The MRS data collection and database search engine will be used for all keyword driven database searches. This database query system is simple to use, easy to integrate in other software, very fast and flexible. The CMBI MRS search engine is providing thousands of queries per day in almost 30 databases. This can easily be handled by a simple PC. MRS was designed with applications such as integration in systems like a SSP in mind and all required interoperability facilities are already in-place in the MRS software. MRS does include its own internal (re-engineered) version of the well-known BLAST database query software. A facility will be added to MRS' BLAST to flexibly limit the search to proteins from, for example, thermophilic species.

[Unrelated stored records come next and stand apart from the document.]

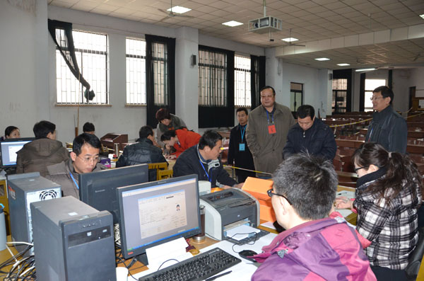 本站讯 2月24日,副院长冯滨鲁在招生就业处负责同志的陪同下,察看了我校2013年艺术类专业招生考试、报名现场情况。对考试组织安排、考场纪律、考试环境进行巡视。招生报名、考试现场组织严密、秩序良好。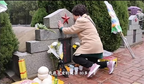 ·81歲的女兒董齊英跨越81年找到烈士父親陳德新,墓碑前泣不成聲。1944年,董齊英在隨父行軍中出生。同年11月,其父陳德新在反“掃蕩”中犧牲。母親為了她的安全,將她送給同村老鄉(xiāng)養(yǎng)育,更名為董齊英。?
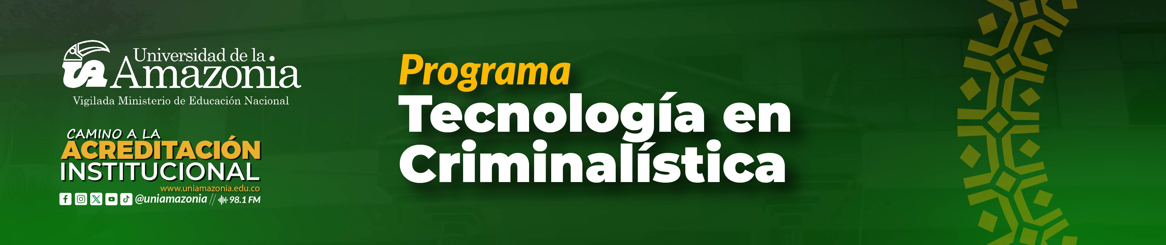 Infortunadamente en nuestra región los índices de violencia y criminalidad son muy elevados, debido, entre otras cosas, a la presencia de grupos armados al margen de la ley, el microtráfico, narcotráfico, delitos ecológicos, delincuencia común, etc.; es por esto por lo que la facultad de derecho y el programa de la tecnología en criminalística atendiendo a su estructura misional de “Formar Tecnólogos en Criminalística para apoyar la actividad judicial en términos de justicia material, fundamentada en el método técnico y científico, permitiendo el reconocimiento de la dignidad humana dentro del estado social y democrático de derecho” y visión en donde “El programa de Tecnología en Criminalística de la Universidad de la Amazonia será reconocido por formar tecnólogos a la vanguardia del método técnico y científico de la criminalística, que trasciendan hacia una visión global transformadora del conocimiento, útil para la búsqueda de la verdad y la justicia material”.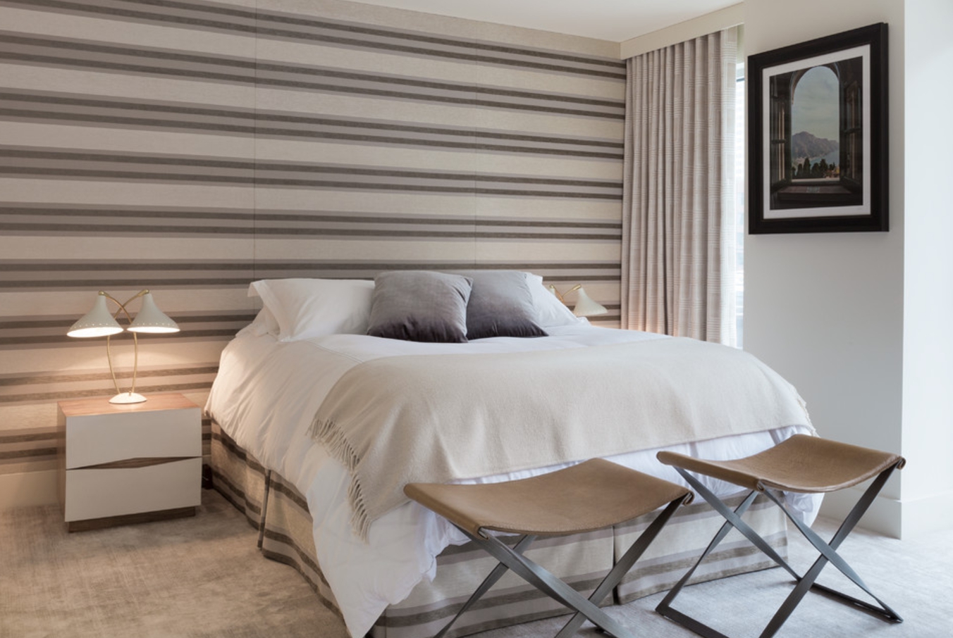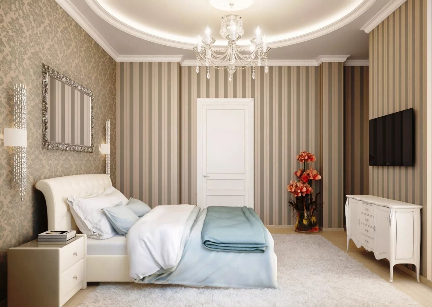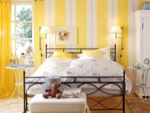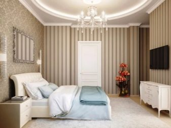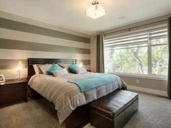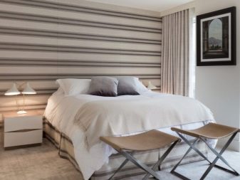- Çizgili duvar kağıdı. Bu kaplama malzemeleri de uzun zamandır çok popüler olmuştur. Bu güne kadar, özellikle alçak tavanlı bir yatak odasının dekorasyonu söz konusu olduğunda talep görüyorlar. Duvarlara dikey çizgili tuvaller yapıştırılırsa, odanın yüksekliği görsel olarak artacaktır. Benzer bir etki, odayı görsel olarak daha uzun yapan yatay çizgilerle elde edilebilir. Bugün mağazalarda bir yatak odası için mükemmel olan birçok birinci sınıf tuval var.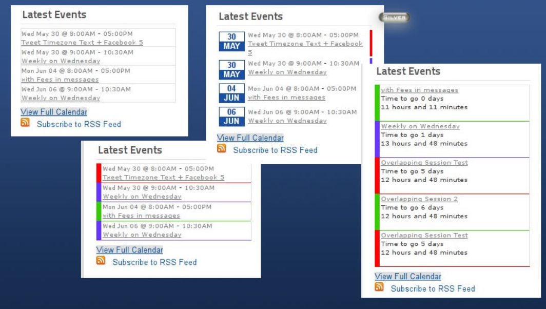 - Events display module with many categories, event type sort, filters, ordering options and quick search.

Validation and documentation

All tasks will be followed by validation (both software wise in WP1 to validate the technical aspects and by mutation experiments in WP6 to validate the scientific aspects of the products), and extensive documentation (explanation, help facility, course material).

Additional software activities

The SSP will also hold a series of other software packages. These are packages that occasionally might be of use to protein engineers, but will not be needed routinely. These will not be fully integrated in the SSP (unless there will be popular demand for such integration), but will be made interactively executable, and downloadable. The CMBI will be responsible for these installations. Examples are:

The WHAT_CHECK (very extensive) structure validation suite;

The BioMeta database and search engine that, in due time, will provide the most likely metabolite docked 'by homology' in PDB files that hold the structure of a substrate or product analog. BioMeta also provides sub-structure search facilities for the ligands found in the PDB; sub-structures can be sketched using the JME software.

The NewProt project is funded by the European Commission within its FP7 Programme, under the thematic area KBBE-2011-5 with contract number 289350.